How the legislation works in practice

ICTA88/S817 deals with deductions that are not allowed in computing profits or gains for tax purposes generally (not only for Case I and II purposes).

Subsection (1) (a) states that:

‘( 1) In arriving at the amount of profits or gains for tax purposes-

(a) no other deductions shall be made other than such as are expressly enumerated in the Tax Acts’;'

The Tax Acts do not list many `express' deductions. In addition, subsection (1)(a) when applied to Cases I and II seems at first sight to cut across the principle that commercial trade etc deductions shall be set against trade etc receipts in computing tax profits. However, the courts have interpreted the legislation to mean that if an item is a proper deduction according to the ordinary rules of accountancy it should be allowed unless it is expressly prohibited by the Taxes Acts. In other words the courts have felt able to treat the concept of ‘profits or gains' as containing within itself the need to make such deductions as normal accounting practice would require for the purpose of computing profits or gains. See Usher's Wiltshire Brewery Ltd v Bruce [1914] 6TC399 at page 429, Atherton v British Insulated and Helsby Cables Ltd [1925] 10TC155 at page 191, and Morley v Lawford [1928] 14TC229 at page 239.

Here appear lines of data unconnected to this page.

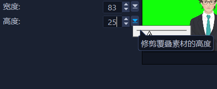 1.除了调整相似度外,在色度键去背的菜单中,还可以对画面的宽度和高度进行调整。通过修改数值或者滑动滑块的方式,来对覆叠素材进行调整。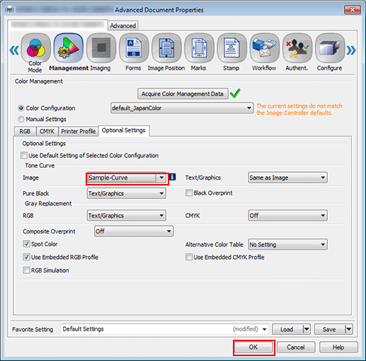 • supplementary explanationIf Use Default Setting of Selected Color Configuration under Optional Settings is checked, remove the check. If this is checked, tone curve cannot be selected.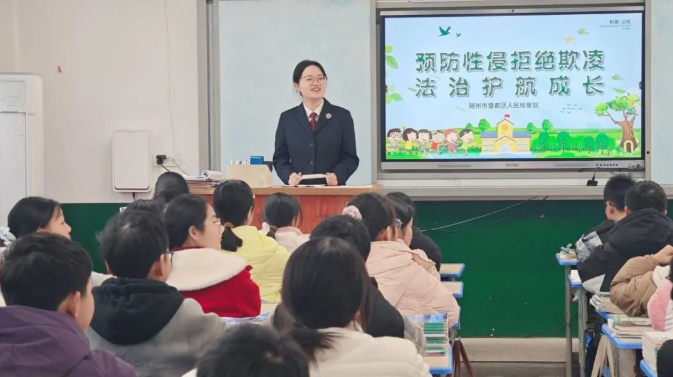 隨州新聞網訊 (通訊員李雨薇、羅鋮)近日,曾都區人民檢察院“寒冬護‘未’·檢愛同行”系列法治宣講活動第一階段圓滿結束。為在寒假前增強未成年人安全意識和自我保護能力,筑牢未成年人安全防護網,曾都區人民檢察院聯合區教育局、區婦聯等部門啟動了“寒冬護‘未’·檢愛同行”系列法治宣講活動;顒又,“鹿萱和鳴”未檢工作室法治宣講團走進轄區鄉鎮學校,用生動有趣的法治課堂,為孩子們送上一份干貨滿滿的寒假安全指南。

ICTA88/S817 (1)(b) provides that no deduction shall be allowed for any annuity or other annual payment (not being interest) which is paid out of such profits or gains if income tax can be deducted at source.

Section 817 (2) provides that:

`( 2) In arriving at the amount of profits or gains from any property described in the Tax Acts, ... no deduction shall be made on account of diminution of capital employed, or of loss sustained, in any trade... profession ... or vocation’.'

This, when applied to Cases I and II, is authority for the disallowance of capital depreciation.